The Scope and Limitations of AB 1458
AB 1458 went into effect at the start of this year and amends Civil Code § 5115 and Corporations Code § 7512. Presuming the requisite notices have been provided, if quorum is not reached at a meeting called to count ballots for a director election, the association can adjourn the meeting for at least 20 days, and then resume with a reduced quorum of twenty percent. The ability to reduce quorum at an adjourned meeting does not apply to all elections. For example, AB 1458 does not apply to membership votes required to authorize assessments or amend the CC&Rs, or arguably, a vote to recall the board. Rather, it only serves to reduce quorum exclusively at an adjourned meeting involving director elections.
Initially, associations should review their governing documents to determine whether a quorum is even required. If an association’s bylaws have eliminated the quorum requirement, or if there are already provisions setting quorum below twenty percent, then the new statutory provisions do not apply.
Notably, some attorneys have suggested that this provision is ambiguous and should instead be interpreted as a default provision in that if an association’s bylaws already provide for a reduced quorum process, that controls even if the percentage is greater than twenty percent.

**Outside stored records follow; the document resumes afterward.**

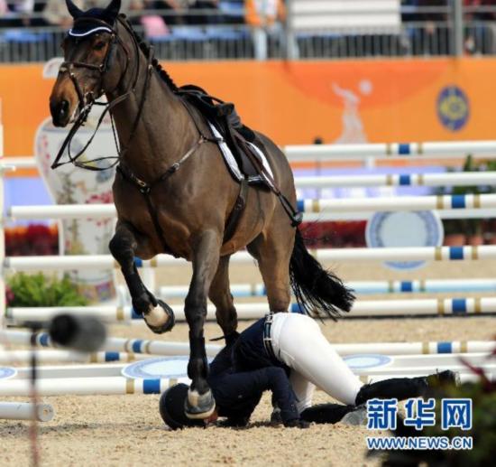 11月22日,中华台北选手汪亦岫在比赛中被摔落马下。当日,在第16届亚运会马术场地障碍赛个人资格赛第一轮比赛中,中华台北选手汪亦岫被摔落马下,随即被送往医院救治。新华社记者杨宗友摄
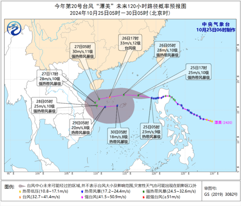 人民網(wǎng)北京10月25日電 (溫璐、高清揚(yáng))據(jù)中央氣象臺(tái)消息,昨日,受“潭美”和冷空氣共同影響,臺(tái)灣島西部和南部、福建沿海、浙江沿海、廣東中部沿海等地出現(xiàn)8~10級(jí)陣風(fēng),局地11~12級(jí)。臺(tái)灣島東部和北部出現(xiàn)暴雨或大暴雨,臺(tái)北市、基隆市和宜蘭縣局地特大暴雨。預(yù)計(jì)今年第20號(hào)臺(tái)風(fēng)“潭美”即將移入南海東部海面,強(qiáng)度緩慢增強(qiáng),最強(qiáng)可達(dá)強(qiáng)熱帶風(fēng)暴級(jí)或臺(tái)風(fēng)級(jí)(28-33米/秒,10-12級(jí)),10月27日夜間開(kāi)始逐漸轉(zhuǎn)向偏東方向移動(dòng),強(qiáng)度逐漸減弱。
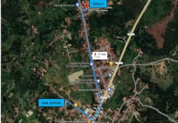 Trajeto feito por Ana Sophia no dia do desaparecimento
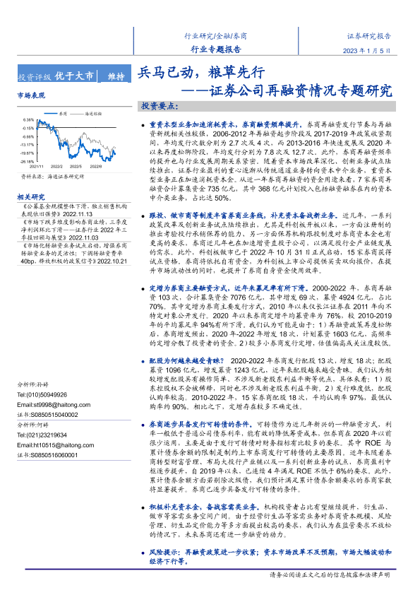 【海通证券】【20230105】券商行业证券公司再融资情况专题研究:兵马已动,粮草先行-22页

Given this potential ambiguity, boards should consult their own legal counsel on this issue, particularly if their bylaws provide for a reduced quorum at an adjourned meeting that is more than twenty percent.
Complying with AB 1458 to Qualify for Reduced Quorum.
Before an association may take advantage of a reduced quorum percentage at an adjourned election meeting, Civil Code § 5115 requires the addition of several new statements in the notices provided to the members:
First, a new statement must be added to the general notice that is already required to be provided at least 30 days before the distribution of ballots. In addition to all the information required previously, this notice must now also include the following statement:
The board of directors may call a subsequent meeting at least 20 days after a scheduled election if the required quorum is not reached, at which time the quorum of the membership to elect directors will be 20 percent of the association’s members voting in person, by proxy, or by secret ballot. (Civ. Code § 5115(b)(5))
Second, if the quorum set forth in the association’s governing documents is not met at the initial meeting, the members may adjourn the meeting for at least 20 days. The association is then required by Section 5115(d)(3) to provide an additional general notice to the members at least 15 days before the adjourned meeting that includes the following:
• The date, time, and location of the meeting;
• The list of all candidates; and
• A statement that 20 percent of the association present or voting by proxy or secret ballot will satisfy the quorum requirement for the election of directors and that the ballots will be counted if a quorum is reached, if the association’s governing documents require a quorum.
Assuming the association complies with the above requirements, then at the adjourned meeting, the required quorum to conduct the election automatically reduces to twenty percent. This will hopefully enable more associations to successfully conduct director elections even in the face of ongoing difficulties encouraging the membership to participate in the process.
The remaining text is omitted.